* TASK BRIEF:
In the listing below, the lines starting at the line with "Sweet Korean Elegant" and ending at the line with "A seamless vintage" are to be output verbatim. Images stay out of the copy.

* DATASET EXTRACT:
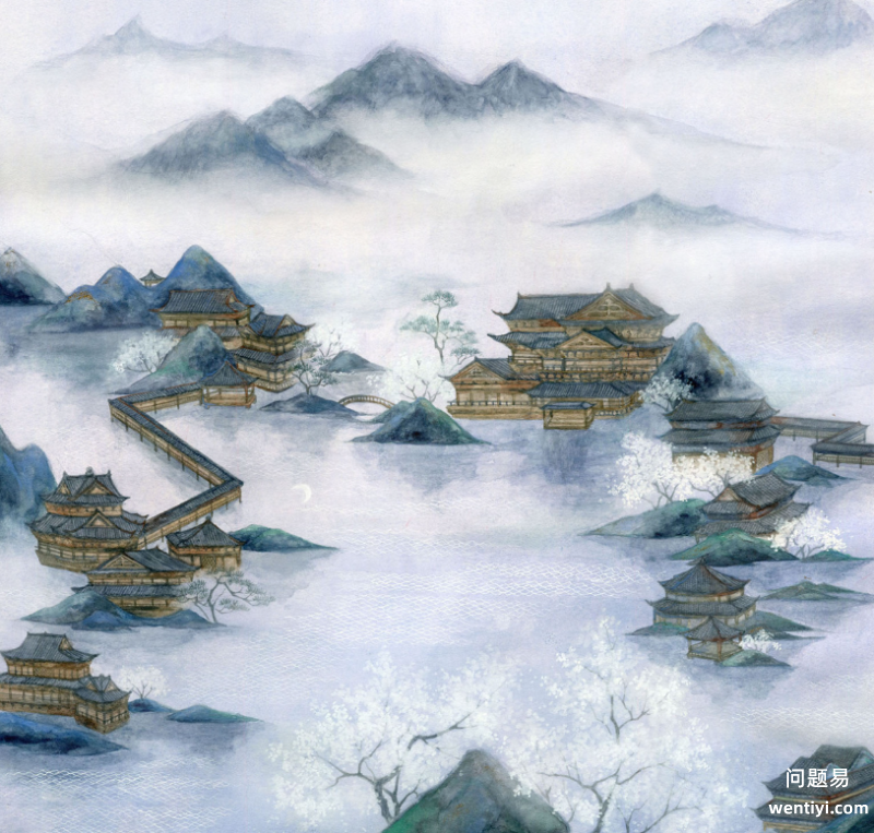 “危楼高百尺,手可摘星辰。”这两句是写山寺之高。第一句正面描绘寺楼的峻峭挺拔、高耸入云。发端一个“ 危 ”字,倍显突兀醒目,与“高”字在同句中的巧妙组合,就确切、生动、形象地将山寺屹立山巅、雄视寰宇的非凡气势淋漓尽致地描摹了出来。次句以极其夸张的技法来烘托山寺之高耸云霄。字字将读者的审美视线引向星汉灿烂的夜空,非但没有“高处不胜寒”的感慨,反给人旷阔感,以星夜的美丽引起人们对高耸入云的“危楼”的向往。
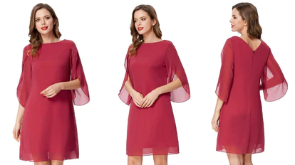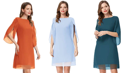 Este vestido tipo cóctel incorpora unas mangas de gasa con aberturas para favorecer los movimientos y crear un ligero efecto capeado. Se puede combinar con zapatos de tacón o planos y, gracias la variedad de tonos y estampados en los que se oferta, resulta muy fácil de adaptar a ocasiones como bodas, cócteles, fiestas formales u otras ocasiones especiales. Está disponible en tallas que van de la S a la XXXL y las recomendaciones del fabricante para mantenerlo en buen estado son lavarlo a mano o en seco.
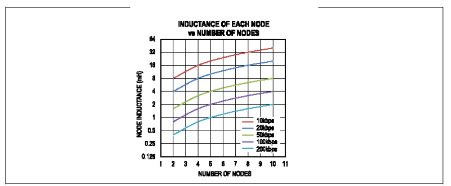 請(qǐng)注意,由于MAX22088有源電路的實(shí)現(xiàn)方式,MAX22088的瞬態(tài)響應(yīng)與標(biāo)準(zhǔn)差模電感不同。此外,為了支持動(dòng)態(tài)電纜端接,建議增加電感值,以補(bǔ)償連接動(dòng)態(tài)端接的情況下總線上阻抗的突然損失。欲了解更多信息,請(qǐng)參閱MAX22088數(shù)據(jù)手冊(cè)中的“動(dòng)態(tài)電纜端接”部分。在有多個(gè)連接節(jié)點(diǎn)的更復(fù)雜系統(tǒng)中,電感值會(huì)發(fā)生變化。針對(duì)不同節(jié)點(diǎn)數(shù)的多節(jié)點(diǎn)配置中的每個(gè)節(jié)點(diǎn),圖5提供了所需總線電感的估計(jì)值。
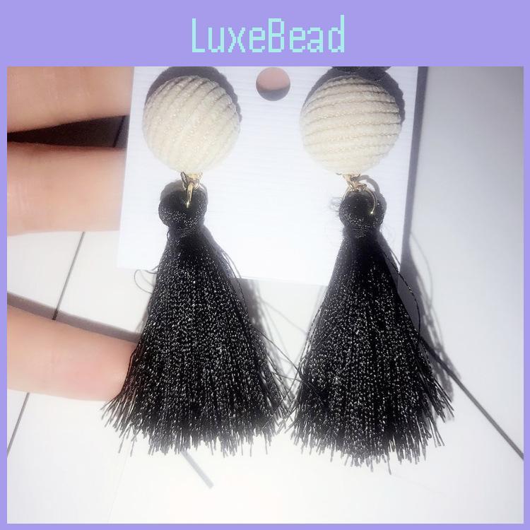 Sweet Korean Elegant Button Tassel Pendant Personality Long Earrings Temperament
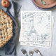 A seamless vintage pattern all about romance, this beautiful design is a collage of vintage illustrations. The paper napkin design includes the Eiffel Tower, vintage postmarks, and handwritten lettering. It's a lovely steel blue and aqua with a focus on France - full of antique fonts and graphics. Add your name or other text to the optional distressed label that has been provided. Search ID226 to see other color choices and products with this romantic pattern.
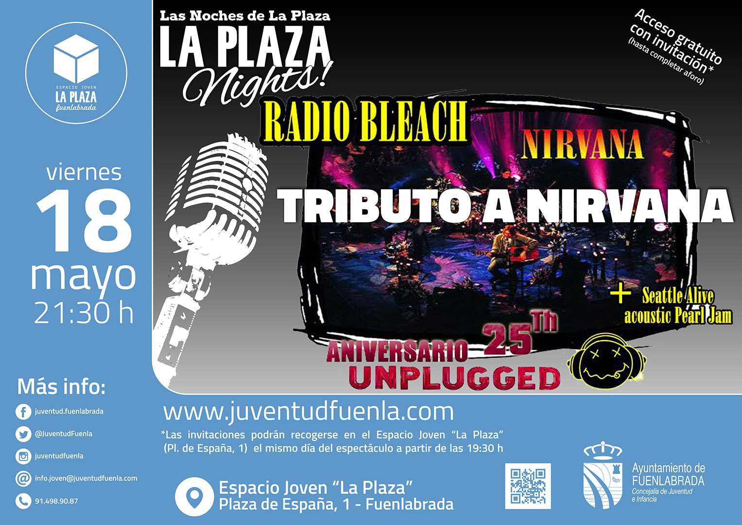 Las Noches de La Plaza lanza una nueva propuesta musical en esta ocasión un concierto acústico tributo a Nirvana de la mano de Radio Bleach, el viernes 18 de mayo a las 21:30h en El Espacio Joven La Plaza.
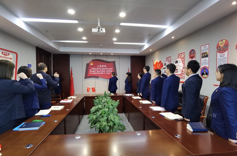 “我志愿加入中國(guó)共產(chǎn)黨,擁護(hù)黨的綱領(lǐng),遵守黨的章程……”,在宣誓領(lǐng)誓人黨支部書記戴正春的帶領(lǐng)下,兩名新黨員面向鮮紅黨旗,右手握拳高舉過肩,用整齊洪亮的誓言莊嚴(yán)宣誓,向黨和人民立下自己的錚錚誓言。全體黨員同志一起高舉右手,再次莊嚴(yán)宣誓,重溫入黨誓詞。
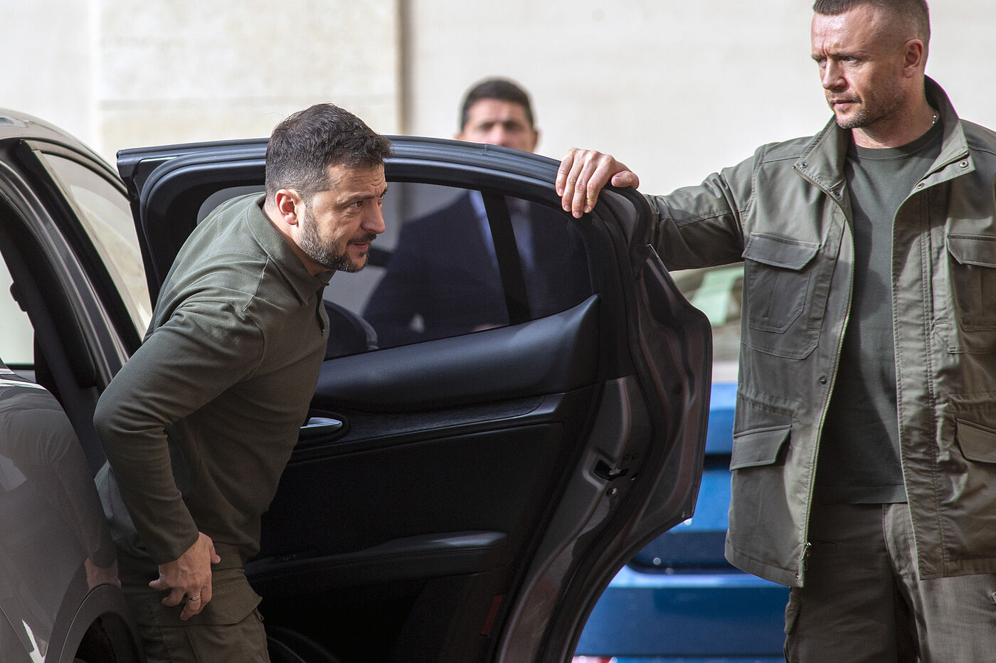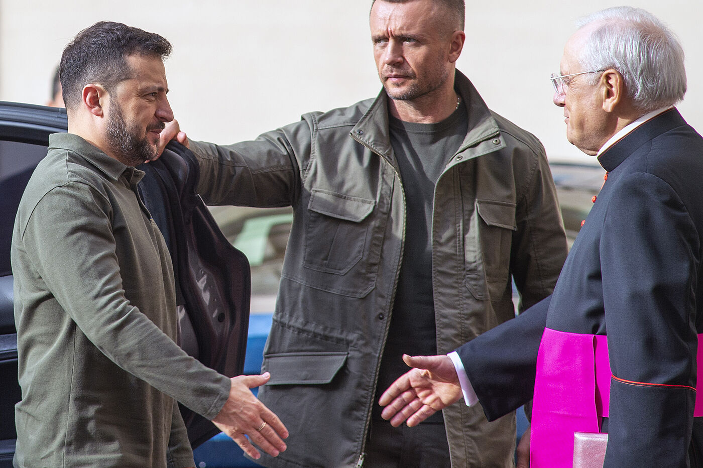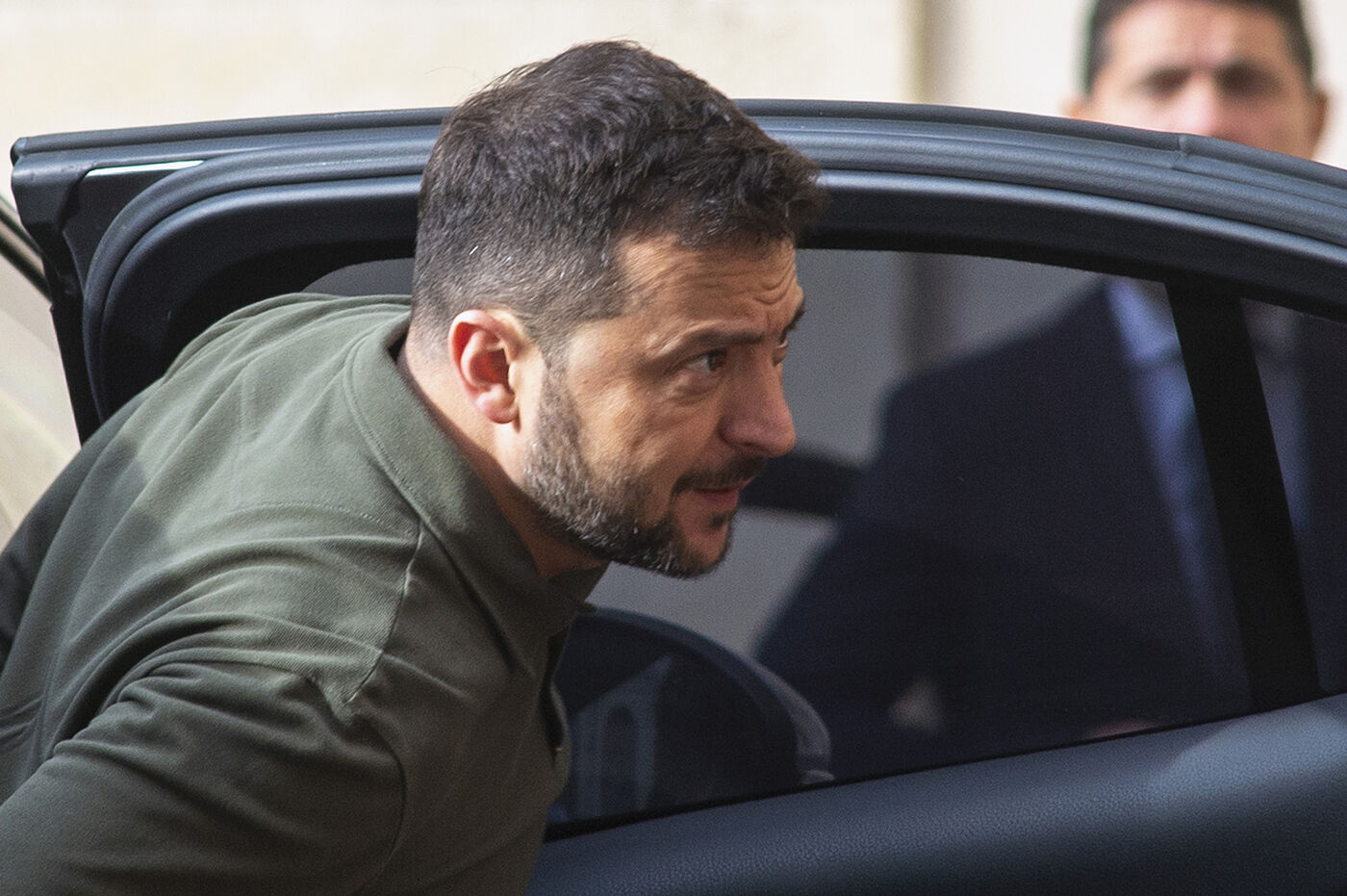 Ukrainian President Volodymyr Zelensky leaves after a private audience with Pope Francis

* OUTPUT:
 Sweet Korean Elegant Button Tassel Pendant Personality Long Earrings Temperament
 A seamless vintage pattern all about romance, this beautiful design is a collage of vintage illustrations. The paper napkin design includes the Eiffel Tower, vintage postmarks, and handwritten lettering. It's a lovely steel blue and aqua with a focus on France - full of antique fonts and graphics. Add your name or other text to the optional distressed label that has been provided. Search ID226 to see other color choices and products with this romantic pattern.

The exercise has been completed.